Proposition: Given an integer $n\ge-1$, the following are equivalent.

  • $\ind(X)\le n$--meaning that for every point $x\in X$ and for every open set $U$ such that $x\in U,$ there exists an open $V$ with $x\in V$ such that $\overline V\subseteq U$ and $\ind(\partial V)\le n-1.$
  • The space $X$ is regular, and $\ind'(X)\le n$--meaning that $X$ has a basis $\mathcal B$ such that for every $U\in\mathcal B$ we have $\ind'(\partial U)\le n-1$.

Proof: We proceed inductively on $n$, with the $n=-1$ case immediate. Suppose that $n$ is the least integer greater than or equal to $-1$ for which we have not yet concluded that the proposition holds.

On the one hand, suppose $\ind(X)\le n,$ and let $$\mathcal B:=\{V\subseteq X:V\text{ open and }\ind(\partial V)\le n-1\}.$$ By inductive hypothesis, $\ind'(\partial V)\le n-1$ for each $V\in\mathcal B,$ and it is readily shown from $\ind(X)\le n$ that $\mathcal B$ is a basis for the topology on $X$. Also, taking any $x\in X$ and any open $U$ with $x\in U,$ there is an open $V$ with $x\in V$ and $\overline V\subseteq U$, and so $X$ is regular. [Poster's note: I can't believe I missed that.]

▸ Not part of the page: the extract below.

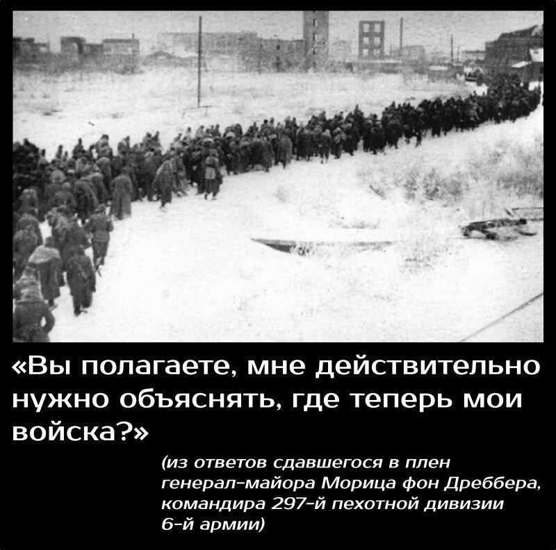 2 февраля 1943 года в Сталинграде капитулировала последняя группировка бывшей 6-й армии. 3 февраля в городе еще постреливали, но дело было сделано. Двадцать дивизий вермахта и две румынские дивизии, и без того доведенные до края выматывающими боями, голодом и холодом, перестали существовать, что называется, официально. Из 250 тысяч попавших в окружение в ноябре 1942 года, в плен было взято около 100 тысяч. Выжили из них тоже немногие: Сталинград и оказался тем самым ледяным адом из скандинавской мифологии «сверхчеловеческих» наследников «нордической расы». Всего же в боях за Сталинград Германия и ее союзники потеряли около 1,5 млн человек убитыми, ранеными и пленными. Чтобы понять, какие настроения царили в войсках противника после Сталинградской битвы, мы выбрали несколько цитат.

On the other hand, suppose that $X$ is regular, and $\ind'(X)\le n.$ Take any $x\in X$ and any open $U$ with $x\in U$. Since $X$ is regular and $x$ lies in the open set $U,$ then there is some open $W$ such that $x\in W$ and $\overline W\subseteq U$. Since $x$ lies in the open set $W$ and $\mathcal B$ is a basis for the topology on $X,$ then there is some $V\in\mathcal B$ such that $x\in V\subseteq W$. Then $\overline V\subseteq\overline W\subseteq U$, and since $V\in\mathcal B,$ then $\ind'(\partial V)\le n-1.$ By inductive hypothesis, $\ind(\partial V)\le n-1.$ Thus, $\ind(X)\le n$. $\Box$